On last night’s episode, however, the three contestants combined to accomplish something that hadn’t happened on Jeopardy in three years. And not in a good way.

Yes, all three contestants biffed on Final Jeopardy. All three contestants bet all they had. They all finished with $0, and as Alex Trebek explained, when that happens, no one advances, and we get three brand new contestants on the next show. The cold lack of forgiveness on the part of Jeopardy is another reason to love it.

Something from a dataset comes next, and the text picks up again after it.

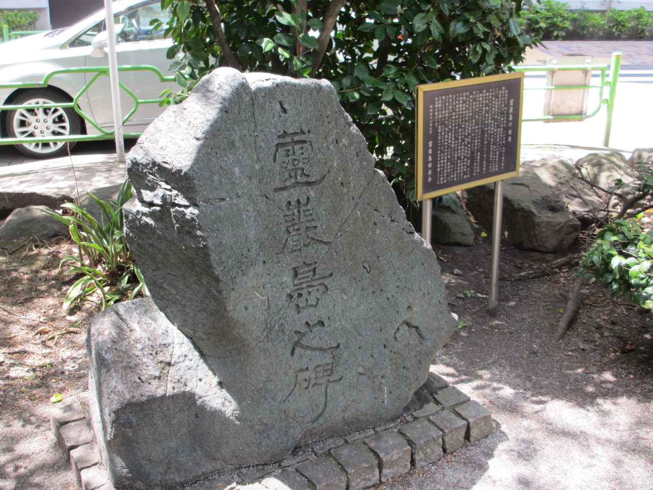 江戸時代の初め、この辺りは沼地で、土地を開発するために霊厳上人が霊厳寺を建てました。その後、昭和に入り町名から霊厳島の名も消えてしまいました。江戸時代からの歴史を象徴する遺跡も消えていくことを憂い、建てられた記念碑です。
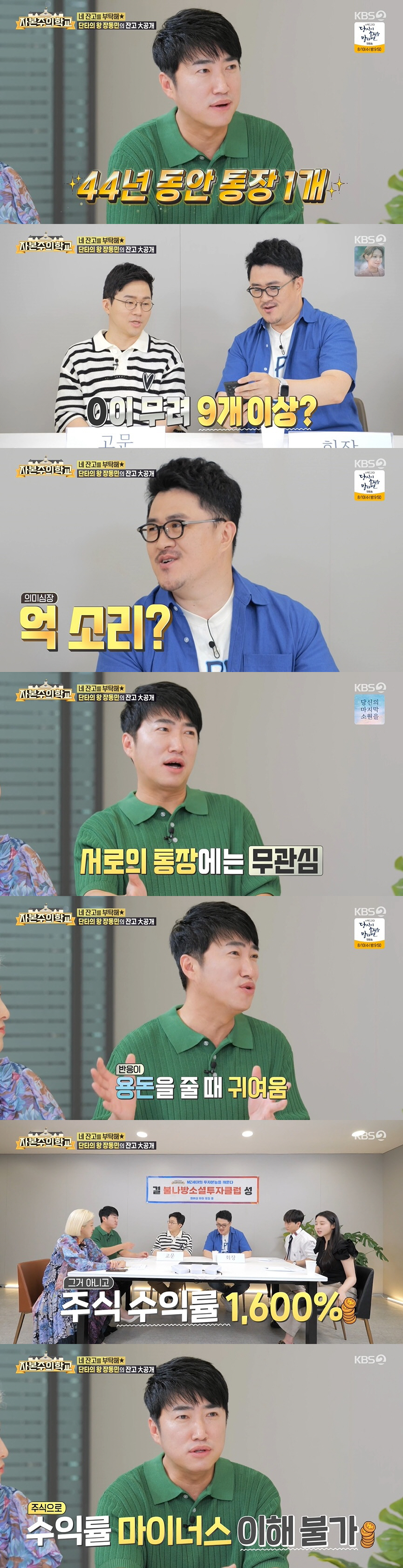 이에 서은광은 "나도 희망이 좀 보인다. 나와 비슷하다. 나도 통장이 한 개고, 투자 실패를 많이 했다. 나의 롤모델"이라며 장동민을 향한 존경심을 드러냈다.

The question, granted, was a bit tricky: “A 1957 event led to the creation of a national historic site in this city, signed into law by a president whose library is now there too.” The question incorporates three separate events (the 1957 event; the creation of a national historic site; the establishment of a presidential library) on three separate dates, which could easily cause confusion. (If you’re wondering, my guess would have been “Houston,” on the assumption that the 1957 date had a NASA connection.) The correct answer was Little Rock, Arkansas, with the event being the desegregation of public schools and the historic site being created by President Bill Clinton. No one got it. Three $0 scores. No one advances.

This could — and should — have been avoided, of course. Since Claudia and Mike both entered Final Jeopardy tied with $13,800, their options were pretty limited. They were basically engaged in a high-stakes game of chicken. Either bet everything and hope the other person bet nothing, or vice versa. Almost certainly you’d have to just bet everything and hope the other player misses. But there was Randi, in third place with her $6,000. Not enough to overtake either of the leaders even if she doubled up. Her only hope was that the other two would bet big and lose. The good news was that half that scenario — Claudia and Mike betting big — was nearly assured. So all Randi needed to do was sit back, wager nothing, and hope the other two missed. There was virtually zero upside for Randi to wager any money at all. It was an outcome that deflated even The Final Wager, Keith Williams’ daily tracker of Final Jeopardy wagering (an invaluable Jeopardy resource).

According to Buzzfeed, a triple-zero hasn’t occurred since the Teen Tournament in February of 2013. In the words of Alex himself: sorry, folks!